# Elimination of Tobacco Smoke from Car



## GUM1BALL (Nov 14, 2015)

Hello Everyone,

What is the most efficient way to eliminate tobacco smoke from a car?

Thanks for your time and advice!!


----------



## limepro (Mar 7, 2015)

Ozium


----------



## edwardw818 (Nov 15, 2015)

As someone who details his own cars... It depends.

If it's a long, lingering scent (e.g. if you're a smoker yourself and you're trying to clean it up to get your car approved, or someone smoked a cigar or something and you didn't open the windows): Do not smoke inside your car for 2 weeks and drive with the windows down for the time being, and never smoke inside ever again. After most of it wore down, then start with shampooing the carpets and anything made with fibers/fabrics, then add Ozium.

If it's a pax who either just started to light up and you caught it, or someone who just walked in reeking of cigs, Ozium will do just fine.


----------



## limepro (Mar 7, 2015)

There is also a little machine and the name is escaping me that you can run in it for an hour or so and it kills absolutely all smells. If I remember the name I'll post it up.


----------



## limepro (Mar 7, 2015)

Came to me as soon as I posted lol, an ionizer.


----------



## GUM1BALL (Nov 14, 2015)

Thank you everyone, for your time. I bought Ozium and it does an excellent Job and quite inexpensive too. 
Just use a little. My daughter says it smells like candy. )


----------



## uberguuber (Feb 23, 2015)

limepro said:


> Ozium


best !!!


----------



## MikesUber (Oct 23, 2015)

Ozium FTW seriously


----------



## mars is waiting (Apr 15, 2015)

Well, the best way is to steam clean the car and get it professionally detailed. A temporary fix would be what the other people are mentioning.


----------



## sarah ava (Nov 18, 2015)

Ozium is really good thing to elimination of tobacco smoke from cars.


----------



## KGB7 (Apr 23, 2015)

Quit smoking and start vaping.


----------



## PTB (Feb 3, 2015)

mars is waiting said:


> Well, the best way is to steam clean the car and get it professionally detailed. A temporary fix would be what the other people are mentioning.

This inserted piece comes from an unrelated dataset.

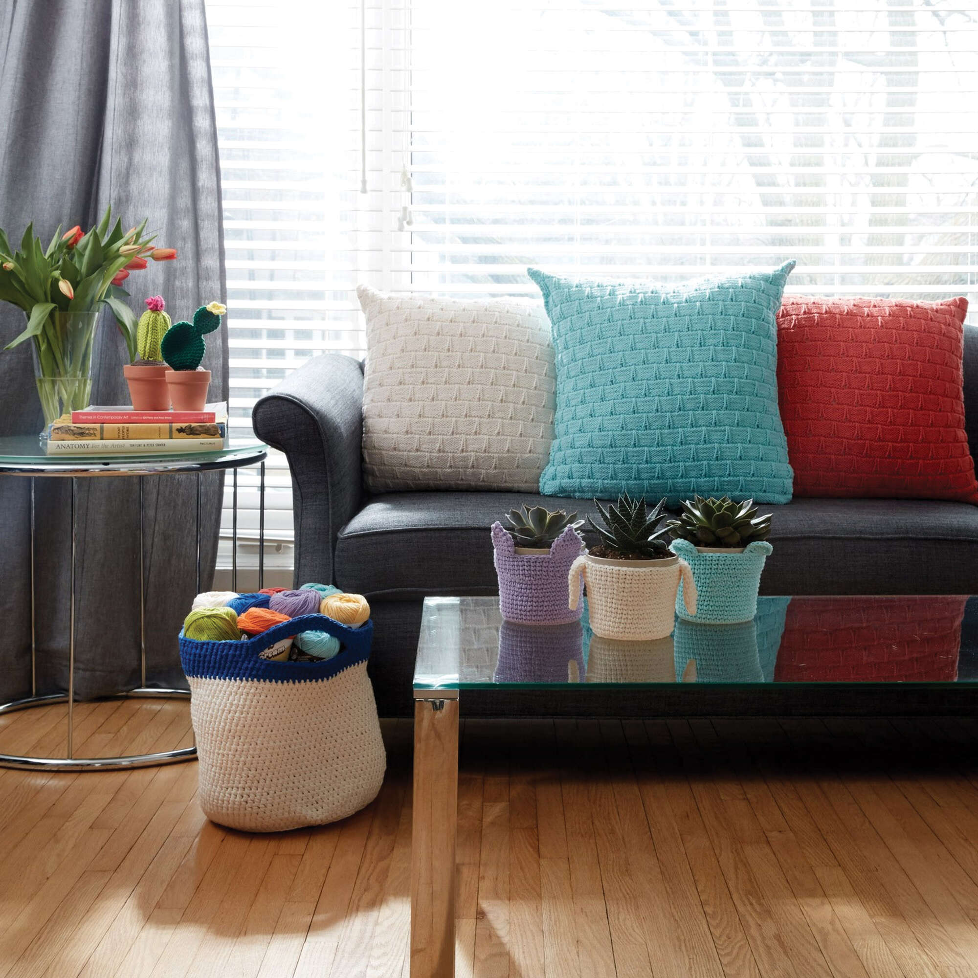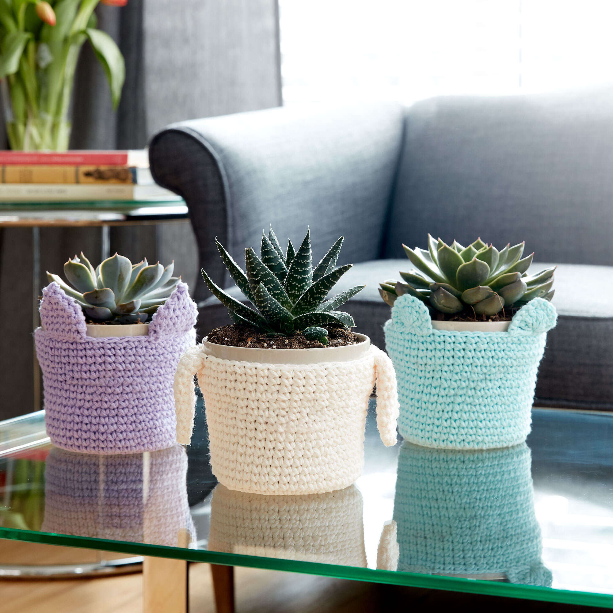 Keep your plants cozy and cute when you crochet these pot covers in Lily Sugar'n Cream.

I just got a USED CAR, got any suggestions on STEAM CLEANING the vehicle ??


----------



## scrurbscrud (Sep 11, 2014)

GUM1BALL said:


> Hello Everyone,
> 
> What is the most efficient way to eliminate tobacco smoke from a car?
> 
> Thanks for your time and advice!!


If it's permanent odor embedded into the cloth areas get a hold of an ozone generator, put it in the vehicle for 2-3 days, windows up, doors closed. Do NOT breathe the ozone as it's harmful to lungs. But it does a great job on odor elimination. I have an Ionic Breeze from Sharper Image.

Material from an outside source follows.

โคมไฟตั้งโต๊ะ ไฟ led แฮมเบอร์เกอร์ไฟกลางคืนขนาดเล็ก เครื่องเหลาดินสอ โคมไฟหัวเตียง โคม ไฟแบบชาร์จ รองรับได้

Smoking in vehicle is not good for business. I smoke, but outside the ride, and have a lemon scented hand cleaner to use when I'm done. And rinse mouth with water a time or 2 prior to pax entry, and try not to speak in their face.


----------



## Manotas (Dec 2, 2015)

Also it doesn't help to change the cabin air filter once in a while


----------



## Frontier Guy (Dec 27, 2015)

1. don't let anyone smoke in your vehicle

2. full service interior detail to eliminate the smell initially, after that weekly cleanings and vacuuming of the seats and carpet.

3. I use Febreeze vehicle air fresheners, I have two of them, one clipped in the dash vents, one clipped to the rear seat (if your vehicle is equipped) floor ducts. I use the "Fresh Linen" scent, adjusted on low, constantly get compliments on how clean the inside of my truck smells. Even when they run out of "freshener" solvent, they still smell decent for another month.


----------



## UberXCali (Jan 30, 2016)

Make sure to run your A/C system clean as well.


----------



## Rich2nyce (Jan 25, 2016)

vacuum car completely, then lexol conditioner/cleaner the seats it they're leather. damp lightly soaped microfiber rag for headliner and cloth seats or parts. Before heading out to Uber, open up a fresh little tree and keep the windows closed.


----------



## Adieu (Feb 21, 2016)

California Scents organic air freshener from Walmart or Gas Station... the cherry-something flavour, occasionally called a bit overthetop, is a cheat scent for masking tobacco - because it kinda "complements" it instead of fighting it, making SMALL traces of smoke seem like part of the fragrance notes


If smoking in your car, do it only when stopped, thru open sunroof, and holding the cig outside the vehicle entirely... and dont do it more than 1-2 cigs a day

Pax and driver sweat, rush hour standstill air, and clogged up cabin air filters or vents will leave your car smelling FAR worse than yesterday's 2 cigs thru the sunroof... which might actually help mask it all and/or provide incentive to properly ventillate and air the darn thing out, btw.


----------